> _WHAT IS REQUIRED_: Transcribe exactly, and only, the lines running from the one with "ケアクリームを塗る際、あるい" to the end of the entries below, both included, without any pictures.

*** Begin section ***

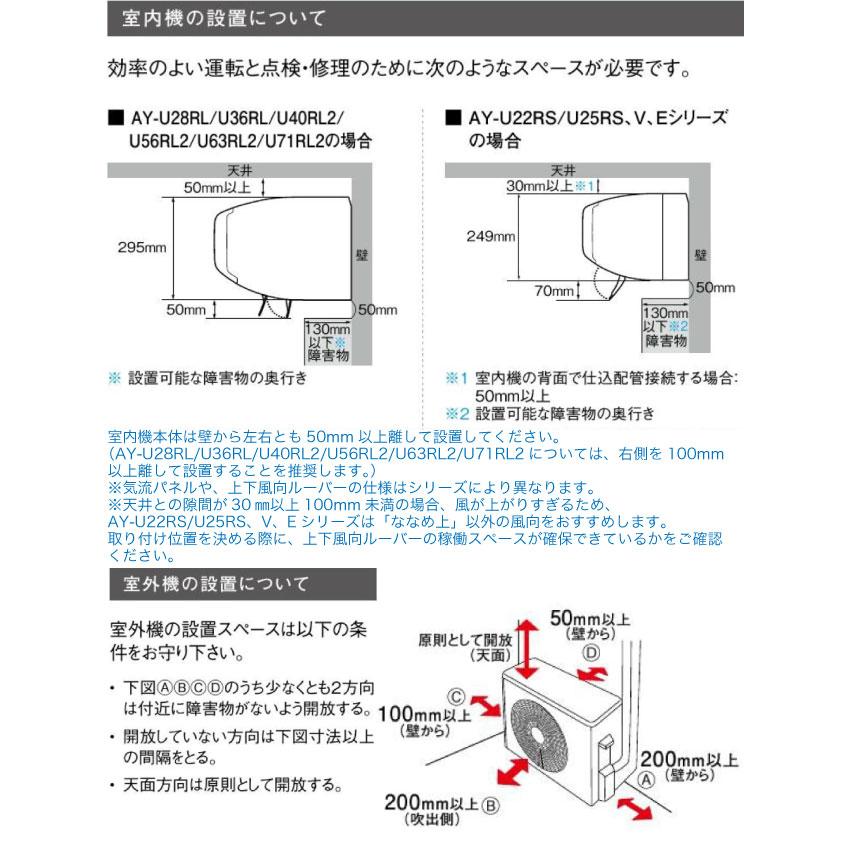 | 室内機サイズ | 幅798x高さ295x奥行387mm | 室外機サイズ | 幅800(+配管カバー部65)x高さ630x奥行300(脚含345)mm |
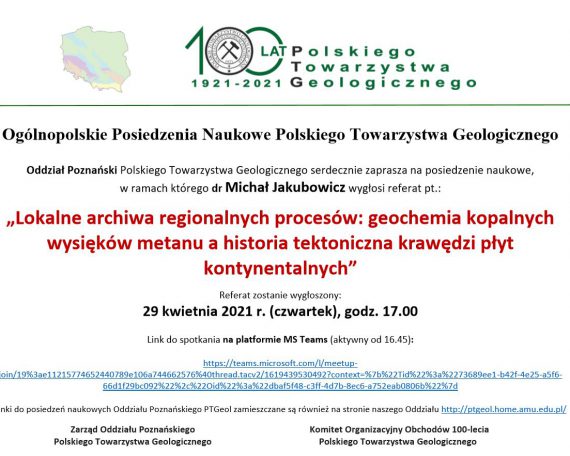 Oddział Górnośląski Polskiego Towarzystwa Geologicznego zaprasza na referat: mgr Anny Abramowicz (INoZ UŚ), dr hab. Justyny Ciesielczuk, prof. UŚ, dr hab. Magdaleny Misz-Kennan, prof. UŚ i prof. Moniki Fabiańskej pt.: „Czasowo-przestrzenna charakterystyka pożaru zwałowisk odpadów po eksploatacji węgla kamiennego” Referat zostanie wygłoszony: 6 maja 2021r. (czwartek, godz. 17.00) Link do spotkania na platformie MS Teams (aktywny od 16.45): https://teams.microsoft.com/l/meetup-join/19%3ameeting_YzMyZjcyYzYtMGM3OS00OTBjLWIxOWYtZDgyZTY2MmUxNjk5%40thread.v2/0?context=%7b%22Tid%22%3a%2250c76291-0c80-4444-a2fb-4f8ab168c311%22%2c%22Oid%22%3a%22d2599996-7fcb-4b13-87e0-6b84474d4fe6%22%7d Zarząd Oddziału Górnośląskiego PTGKomitet Organizacyjny Obchodów 100-lecia PTG
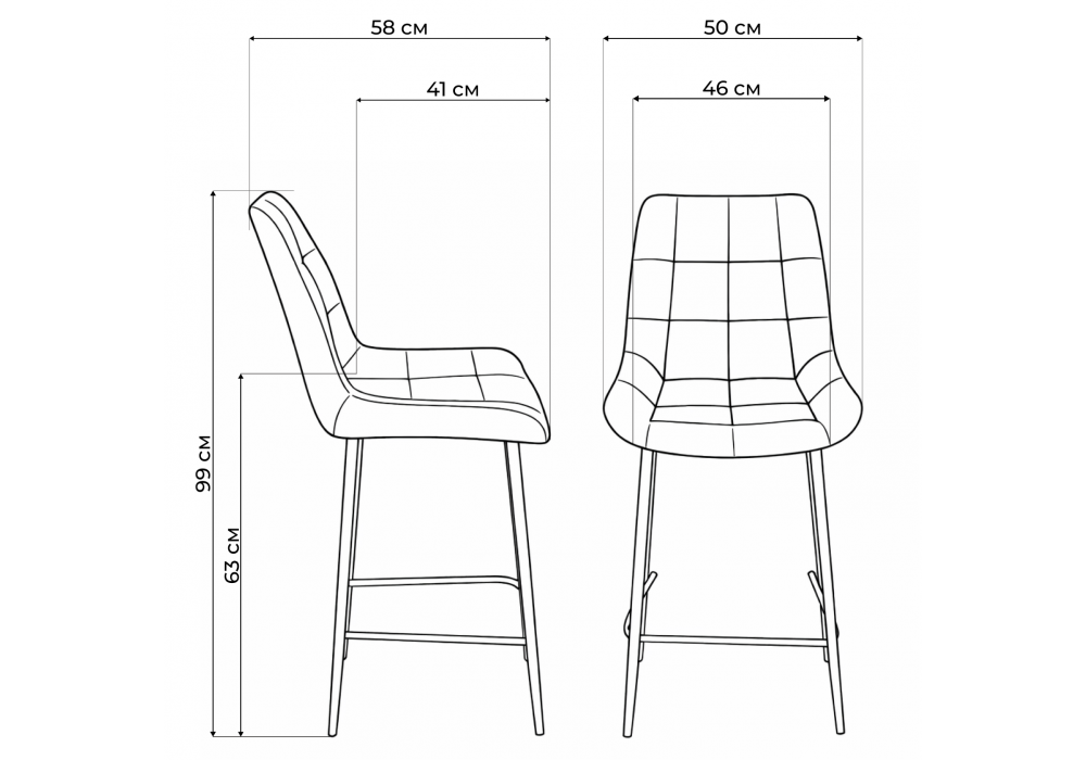 Материал каркаса - металл; Материал сиденья - велюр; Материал обивки - велюр; Цвет ножек - белый; Ширина - 50; Глубина - 58; Высота - 99; Ширина сиденья - 46; Глубина сиденья - 41; Высота сиденья - 63;
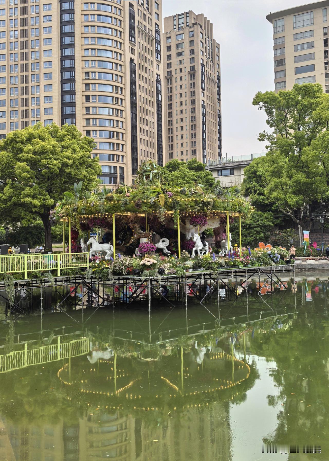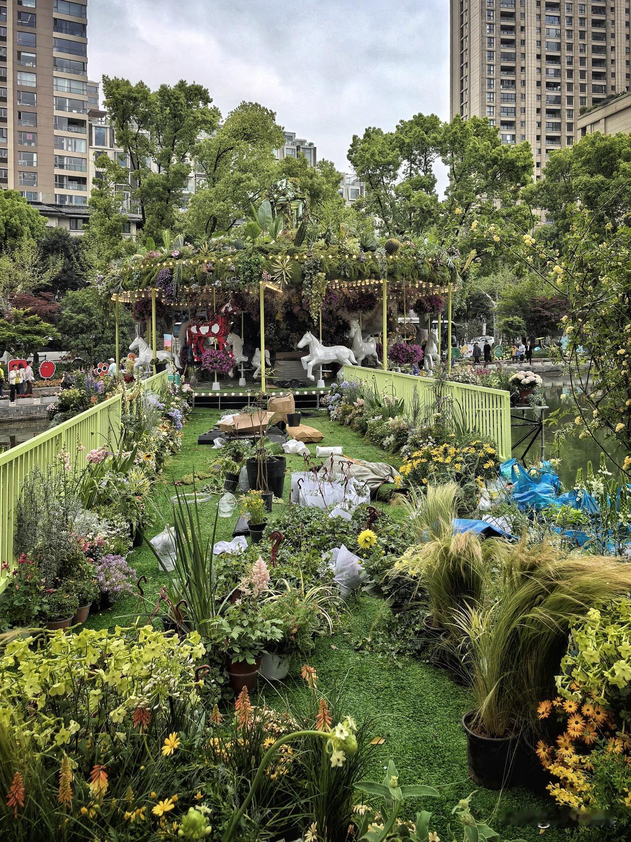 来都来了,还是忍不住拍了几张。虽然还没完全布置好,但已经能想象出明天鲜花盛放木马旋转的梦幻场景了。等正式开幕,这里一定会更惊艳,大家可别错过哦!
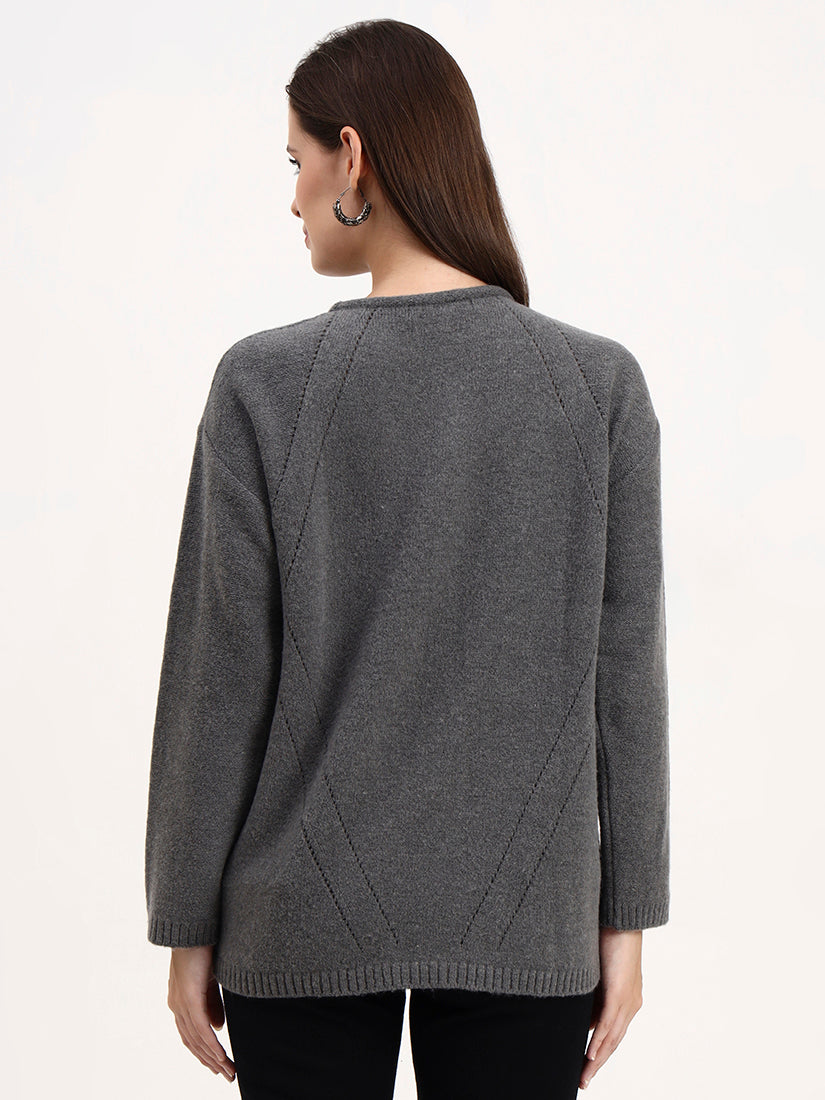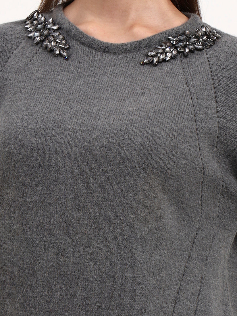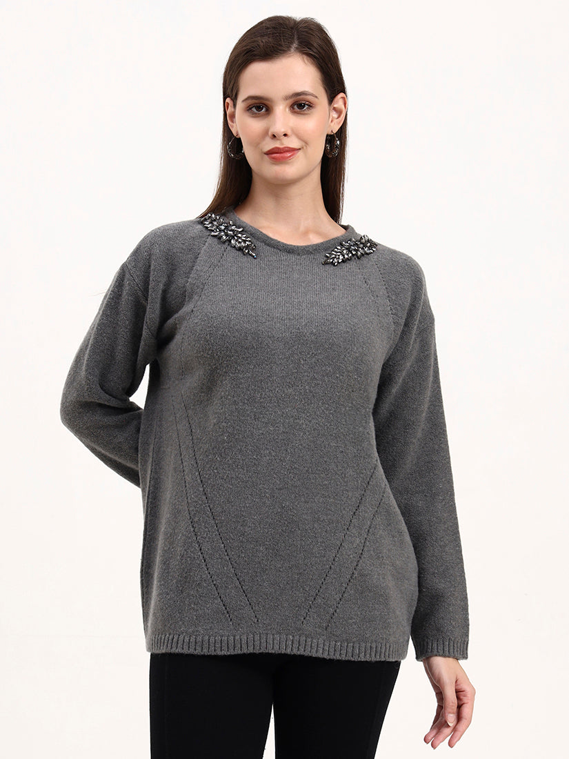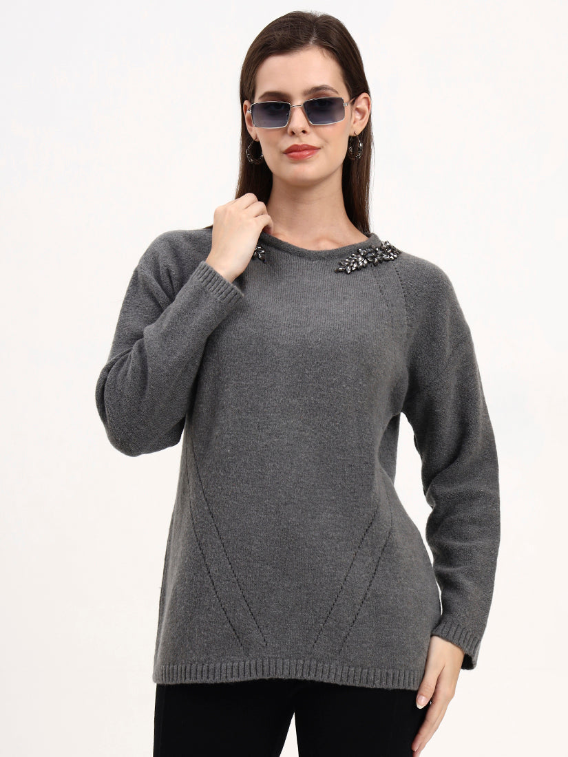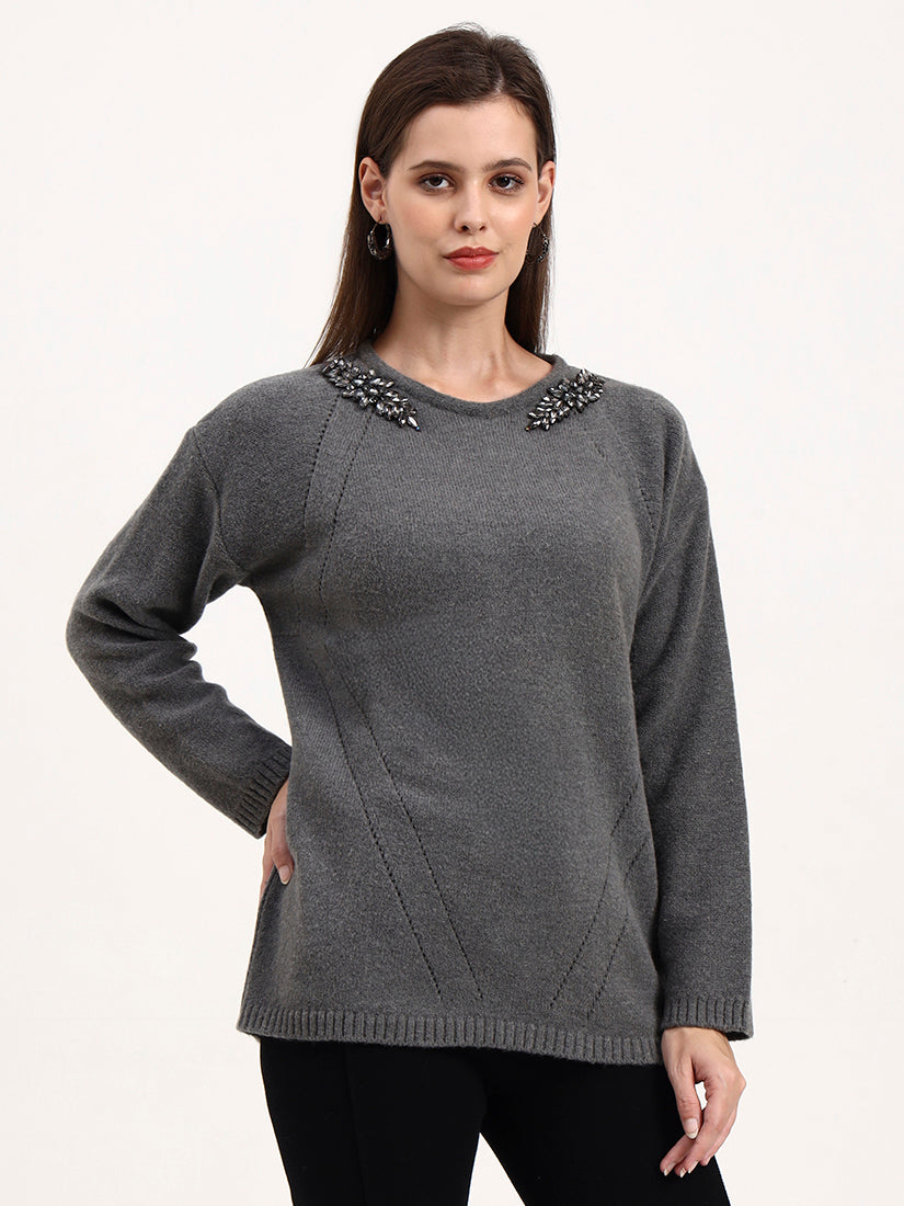 In a moody charcoal-grey palette, this piece brings subtle glamour through refined gemstone accents. Perfect for elevated layering, its quiet brilliance makes it ideal for evening refinement or winter-day polishing.
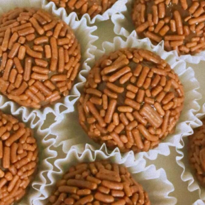 Brigadeiro aos leite, chocolate, Nutella, brownie morangos e Ninho.
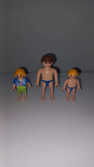 Lote de tres figuras Playmobil vestidas con bañador. - Figura de adulto con bañador azul. - Figura infantil con bañador azul. - Figura infantil con camiseta playera y pantalón verde. En el perfil hay mas figuras playmobil para hacer tus propios lotes y ahorrar en el envío. Se escuchan ofertas.
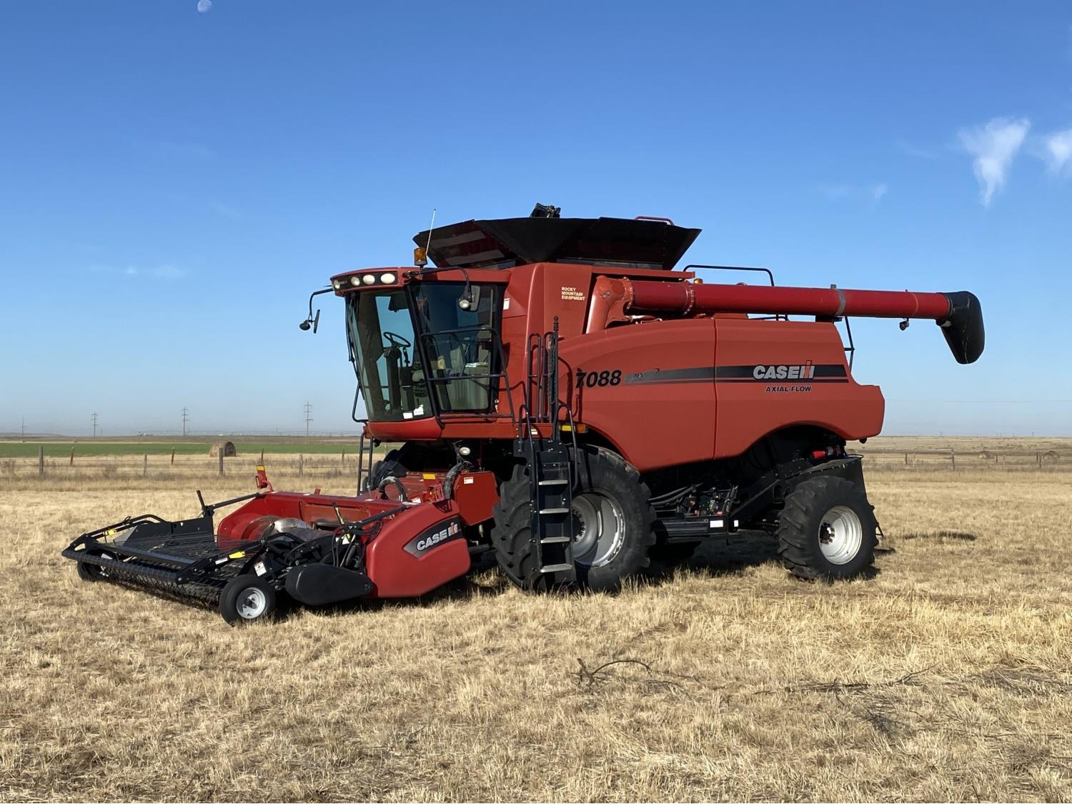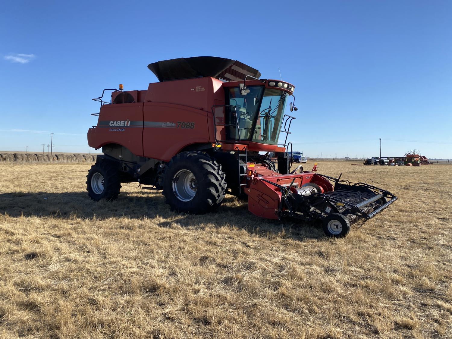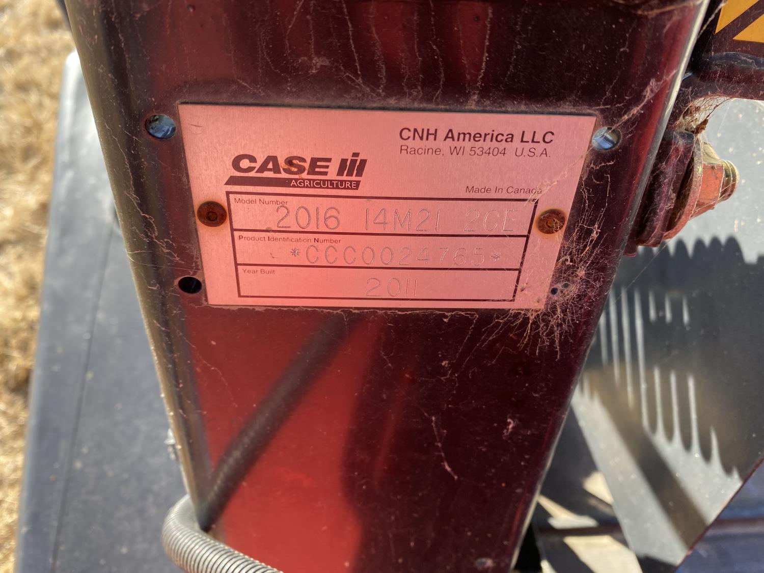 2011 Case iH 2016-14 14 ft pick-up header, variable speed reel, auto header height, fore & aft, reverser, lateral tilt, rock trap, yield & moisture, chaff spreader, chopper, grain tank extensions, 20 ft auger, A/C, buddy seat, AFS Pro 600 Monitor, 800/65R32 front tires, 18.4-26 rear tires
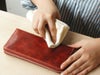 ケアクリームを塗る際、あるいは乾拭きする際に使いやすいコットン製のクロスです。表面が起毛していて非常に柔らかく、コードバンやソフトレザーなど繊細な表面の革にも安心して使用できる素材です。
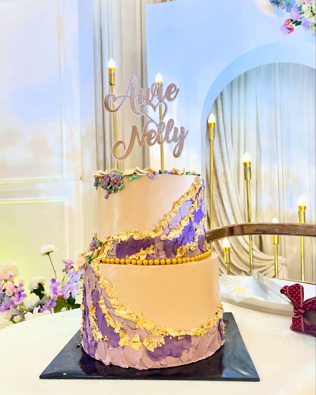 This cake has that deliciously imperfect texture that feels painterly—almost like icing was smeared by hand with love. The lavender and gold accents swirl in and out like brushstrokes, and the uneven tiers give it an artsy, fashion-forward twist.

*** End section ***

> _TASK ANSWER_:
 ケアクリームを塗る際、あるいは乾拭きする際に使いやすいコットン製のクロスです。表面が起毛していて非常に柔らかく、コードバンやソフトレザーなど繊細な表面の革にも安心して使用できる素材です。
 This cake has that deliciously imperfect texture that feels painterly—almost like icing was smeared by hand with love. The lavender and gold accents swirl in and out like brushstrokes, and the uneven tiers give it an artsy, fashion-forward twist.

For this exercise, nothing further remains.